И вот среди этой незнакомой знакомости – тоже мельтешили колоском на ветру – девочка по имени Люся.
Отец у Люси постоянно пьяный. То и дело зовет его к себе и привяленным голосом говорит:
– Иди побалакаем, чтобы болячка с болячкой сошлись бы.
Авенир от него пытается держаться подальше. Потому как он тоже набит той самой понятной непонятностью, которая отравляет скукой душу.
– Думал, – рассказывал кому-то старик, – дожду возраста, непременно женюсь на Фроське.
Это уже интересно. У Авенира, правда, таких намерений жениться на Люсе нету, потому как прежде надо, как говорит папа, стать человеком. Но живинка какая-то в середке плавает. Как одинокая рыбка в аквариуме.

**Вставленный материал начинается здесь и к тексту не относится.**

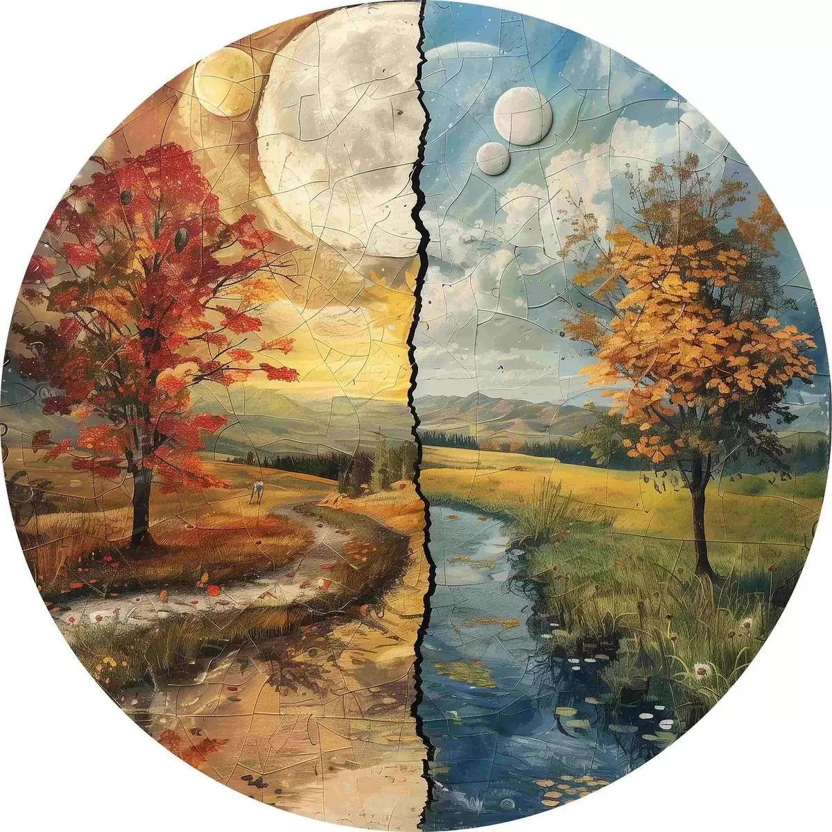 Runde Gemälde Jahreszeiten in der Aquarellmalerei r40923

У Люси был ровесник Авенира – брат, о котором все говорили, что он из молодых да ранних. Сперва Берлинеру не было понятно, что это такое. А потом догадался. Лешка, как звали брата, ревизовать девкам пазухи был горазд.
В подпитии отец Люси к месту и ни к месту орал:
– Ты меня за обороть не бери – лягнусь!
Мать Люсина постоянно кому-то жаловалось, что у нее «в костреце» болит.
– Нога вроде бы и идет, и кособочится одновременно.
Лешка все время всем своей силой хочет похвастать. Полуволоком втащит мешок на подводу, изойдет одышкой и все равно за вторым себя стремит.
Видит, что ноша не под силу. Но не отступится. Иначе – не он это будет.
Рядом с полем был лес. И именно туда хотел Авенир заманить Люсю.
Нет, он не собирался лезть к ней за пазуху, как это бы сделал на его месте невоспитанный Лешка, не читал бы стихов Блока, как если бы на ее месте была девочка Роза из соседнего класса «Б». Он бы просто с нею помолчал.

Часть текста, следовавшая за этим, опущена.